> [SUPPLIED MATERIAL]
________________________

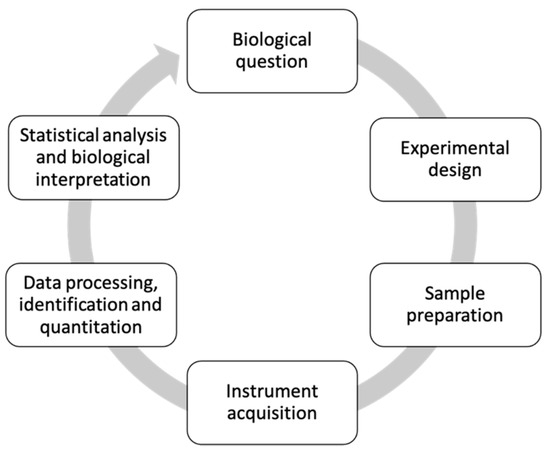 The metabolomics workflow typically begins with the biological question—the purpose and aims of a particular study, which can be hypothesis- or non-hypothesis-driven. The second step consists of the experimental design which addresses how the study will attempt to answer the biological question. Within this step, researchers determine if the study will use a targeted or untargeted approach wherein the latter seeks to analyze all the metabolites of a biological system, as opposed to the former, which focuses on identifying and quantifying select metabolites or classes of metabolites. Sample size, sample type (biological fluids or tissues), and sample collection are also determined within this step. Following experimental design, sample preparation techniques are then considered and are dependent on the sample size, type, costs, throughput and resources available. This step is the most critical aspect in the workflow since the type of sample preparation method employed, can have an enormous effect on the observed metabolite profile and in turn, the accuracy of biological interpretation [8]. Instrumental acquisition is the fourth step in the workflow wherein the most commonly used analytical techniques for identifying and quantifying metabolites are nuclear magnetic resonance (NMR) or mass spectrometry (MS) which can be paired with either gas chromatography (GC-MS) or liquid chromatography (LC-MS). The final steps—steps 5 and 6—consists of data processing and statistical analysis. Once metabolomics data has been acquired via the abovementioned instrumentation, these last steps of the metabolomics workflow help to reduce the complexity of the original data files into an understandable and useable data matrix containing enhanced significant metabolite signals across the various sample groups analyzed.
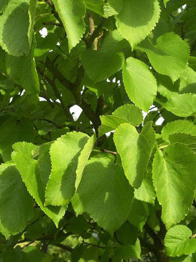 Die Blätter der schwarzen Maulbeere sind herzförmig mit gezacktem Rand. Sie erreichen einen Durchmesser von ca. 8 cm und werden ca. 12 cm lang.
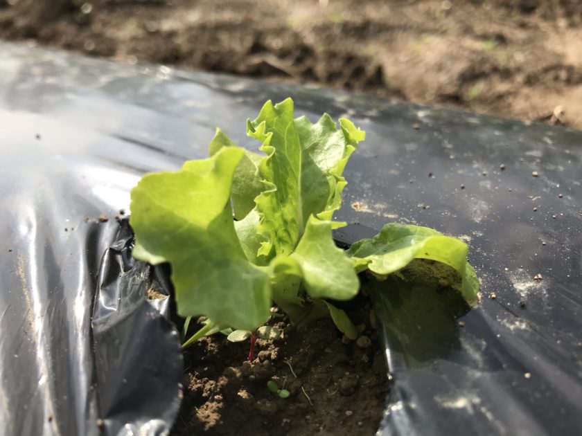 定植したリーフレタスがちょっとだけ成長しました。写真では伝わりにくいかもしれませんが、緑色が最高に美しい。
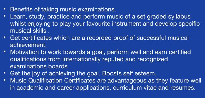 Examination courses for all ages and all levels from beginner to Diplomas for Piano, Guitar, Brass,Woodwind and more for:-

________________________

> [EXERCISE REQUIREMENTS] Please ensure that the data above is repeated exactly, with no pictures in the copy.

> [SOLUTION]
 The metabolomics workflow typically begins with the biological question—the purpose and aims of a particular study, which can be hypothesis- or non-hypothesis-driven. The second step consists of the experimental design which addresses how the study will attempt to answer the biological question. Within this step, researchers determine if the study will use a targeted or untargeted approach wherein the latter seeks to analyze all the metabolites of a biological system, as opposed to the former, which focuses on identifying and quantifying select metabolites or classes of metabolites. Sample size, sample type (biological fluids or tissues), and sample collection are also determined within this step. Following experimental design, sample preparation techniques are then considered and are dependent on the sample size, type, costs, throughput and resources available. This step is the most critical aspect in the workflow since the type of sample preparation method employed, can have an enormous effect on the observed metabolite profile and in turn, the accuracy of biological interpretation [8]. Instrumental acquisition is the fourth step in the workflow wherein the most commonly used analytical techniques for identifying and quantifying metabolites are nuclear magnetic resonance (NMR) or mass spectrometry (MS) which can be paired with either gas chromatography (GC-MS) or liquid chromatography (LC-MS). The final steps—steps 5 and 6—consists of data processing and statistical analysis. Once metabolomics data has been acquired via the abovementioned instrumentation, these last steps of the metabolomics workflow help to reduce the complexity of the original data files into an understandable and useable data matrix containing enhanced significant metabolite signals across the various sample groups analyzed.
 Die Blätter der schwarzen Maulbeere sind herzförmig mit gezacktem Rand. Sie erreichen einen Durchmesser von ca. 8 cm und werden ca. 12 cm lang.
 定植したリーフレタスがちょっとだけ成長しました。写真では伝わりにくいかもしれませんが、緑色が最高に美しい。
 Examination courses for all ages and all levels from beginner to Diplomas for Piano, Guitar, Brass,Woodwind and more for:-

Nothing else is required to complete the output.